One of the problems with the K-S test is that, out of the box, it is often overly sensitive to departures from the specified distribution for many typical purposes, so it is less useful that it might appear unless your sample is quite large and the distributional assumptions are very closely met - more closely met than you might otherwise need to justify a given model or inference framework. Having said that, all you need to do is reconstruct an ideal distribution based on your parameters, and calculate the number of your total observations that you would expect to fall in each of the 10 deciles of your ideal distribution. Make a 2 x 10 frequency table from this, where the other row is the observed frequency from your sample that falls into each of those ideal 10 deciles. Do a chi-squared test of association on that 2 x 10 table of counts. If the p-value of the Chi-square statistic (with 9 d.o.f.) is less than 0.05 then you have strong evidence that the distribution is not your ideal or target distribution. Beware though that this test is quite sensitive, often too sensitive for the typical use it is put to. If you do it this way you can reduce the sensitivity by collapsing deciles into, say, quintiles (5 bins instead of 10) and running a new chi-squared test.
Im my research we use samples of fatigue tests on materials. There is a limitation in sample size because these samples have high cost, that's why we just have n=20. Searching in literature I've found:
Weibull models / D.N. Prabhakar Murthy, Min Xie, Renyan Jiang.p. cm. – (Wiley series in probability and statistics) pg 91 has:
"The w2 test has the advantages of being easy to apply and being applicable even when parameters are unknown. However, it is not a very powerful test and is not ofmuch use in small or sometimes even modest size samples."
After that, Do you think that would be better to use Kolmogorov-Smirnov?
Your question seems to be a combination of two questions:
1) Given two parameter sets, which one is better with respect to the KS test statistic? The first one gives a value of 0.0796, the second one 0.0921 (this is then reflected in the higher p-values for the first one (0.891) compared to the second (0.765) using the KS distribution, but this is not required in this case).
In this sense the first parameter set is the better one. This looks a bit puzzling at first, as the second set is the ML estimator, but keep in mind that different optimization criteria will lead to different parameter estimations.
2) How to do a KS test, if the parameters are fitted to the distribution? The question addressed is whether the data is coming from a Weibull distribution. If one uses fitted parameter values, the standard p-values of the KS distribution do not apply and one needs to use simulations. The result will depend in principle on the parameter estimation procedure used (MLE with bias correction in the paper mentioned above).
Using LcKS (Lilliefors corrected KS) from the "KScorrect" package in R, one gets a p-value of 0.35, so the hypothesis that the data is coming from a Weibull distribution is not rejected.

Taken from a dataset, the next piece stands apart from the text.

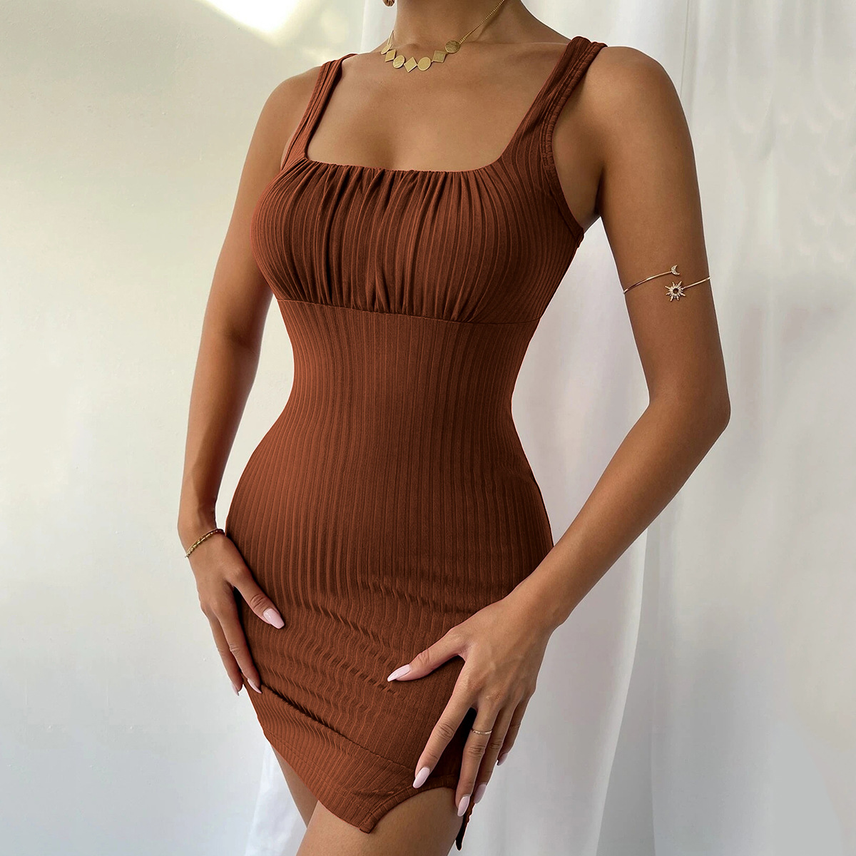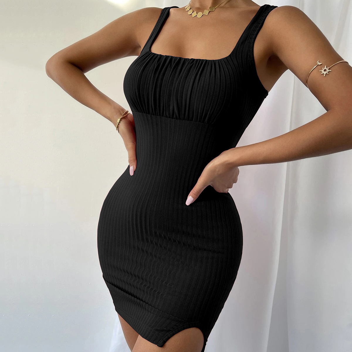 Women Clothing Spring/Summer Sexy Slit Slim-Fitting Camisole Knitted Dress Hip

A final comment: Given the uncertainties of the estimated parameters I am not sure, whether the difference between the two is of any relevance.
I made reading and observed that compare the estimators of the same probability distribution is recommended to leave constant alpha and beta and run Monte Carlo simulation and analyze the bias and variance of MSE.
Seeing his last comment I see that it is not necessary to compare the same probability distribution with estimates so close using using Kolmogorov-Smirnov.
Purpose of the goodness-of-fit is to the distribution or model with smallest values. It implies that the distribution is better/efficient than other competing distributions.